Los ánimos están intensos en la región donde se libra la guerra en Ucrania y no parece llegar el sosiego en el corto plazo. Todo lo contrario, el más reciente atentado contra una presa estratégica en el Dniéper, la presa de Nova Kajovka, es una muestra de que las aguas están fuera de control.
Probablemente esa es la razón por la que el Vaticano ha decidido enviar a su mediador estrella, el Cardenal Zuppi, presidente de la Conferencia Episcopal Italiana y arzobispo de Bolonia, para sentar en la mesa a los contendientes en el afán de establecer acuerdos que frenen el odio y el desangramiento cotidiano en los campos de batalla.
No será tarea fácil, pero vale la pena intentarlo. La historia parece demostrar que los conflictos de esta naturaleza, cuando se trata de luchas por la extensión territorial, son indetenibles. La causa puede encontrarse, más allá de las condiciones anidadas en la psique humana, en una especie de voluntad imperialista asumida por personajes que nunca han faltado en las comunidades políticas.
Las consecuencias son las mismas, terror, miseria y muerte, al momento inicial. Después, de manera más prolongada, el retroceso en áreas donde la sociedad mostraba desarrollo y crecimiento. Sin que no dejen de relucir, efectivamente, el atraso en la cultura y la ciencia. En ese contexto el conflicto es intensamente costoso e irreparable según el daño provocado también en el alma de los lisiados y los civiles afectados por las heridas físico emocionales.

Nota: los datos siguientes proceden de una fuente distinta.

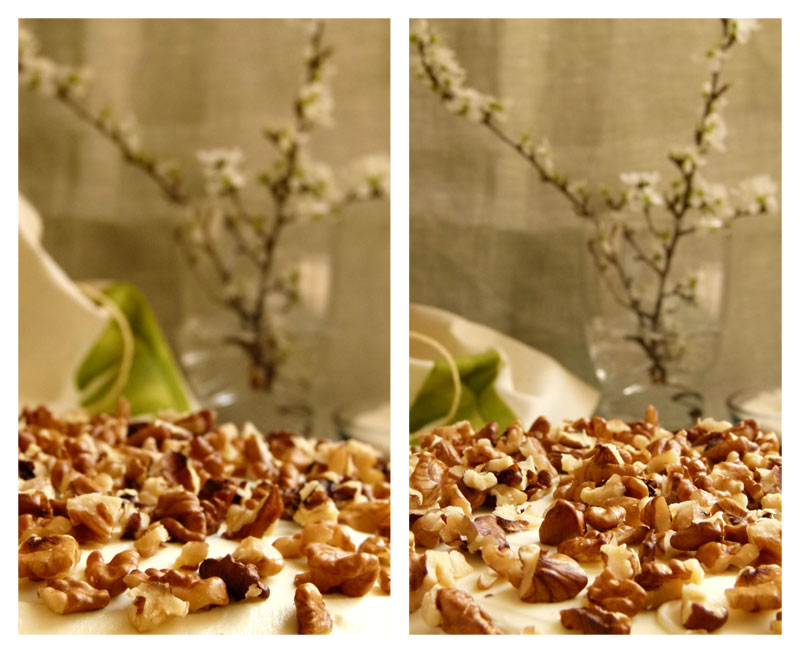Adornamos con nueces partidas en trozos. Aunque las posibilidades son infinitas: pueden ser nueces enteras, rodajas de piña caramelizada etc.

Por todo ello, la guerra es un espejismo impulsado por guerreros de miras reducidas. Sujetos cuya narrativa es la imposición por la fuerza que deriva de ausencia de luces. Quizá sea la expresión del pícaro que se ceba en los débiles para dominarlos desde el narcisismo que reclama con urgencia. Las batallas podrían ser evitables, pero casi nunca ha sido así.
En consecuencia, resignados frente a la realidad que se impone, no queda sino señalar la locura y solicitar la sensatez. Buscar esa oportunidad que finalice el homicidio constante o, si se es creyente, pedir un milagro. Esos que a veces ocurren también en los acontecimientos claves, una derrota definitiva, un invierno capitular, lo que sea pero que impida la continuidad e imponga la paz que necesitan los pueblos para restablecer la calma.
Vale la pena. En primer lugar porque las guerras no son las de antaño. Las armas y los medios de agresión son infinitamente superiores a los del pasado. Y, finalmente, porque las conflagraciones se han globalizado amenazándonos a todos por igual. Ya no se trata de ser testigos pasivos y lejanos de escenarios invisibles porque lo cruento reclama nuestros sentidos sin que podamos fingirlo. En el fondo sabemos que nos involucra y, aunque estemos distraídos, sentimos sus efectos.
Insisto, estamos todos nerviosos por la guerra y quizá se justifique compartir esas pasiones, al menos mientras no nos paralicen. Más allá de ello, lo aconsejable es practicar la cultura de paz en nuestro entorno, superar el discurso violento que nos tienta como medio precipitado para alcanzar objetivos. Recurrir al diálogo fundado en el respeto y el reconocimiento del valor de los demás. Mostrar lucidez, pero sobre todo la conducta moral de un ciudadano de nuestro siglo. Estoy seguro de que se puede.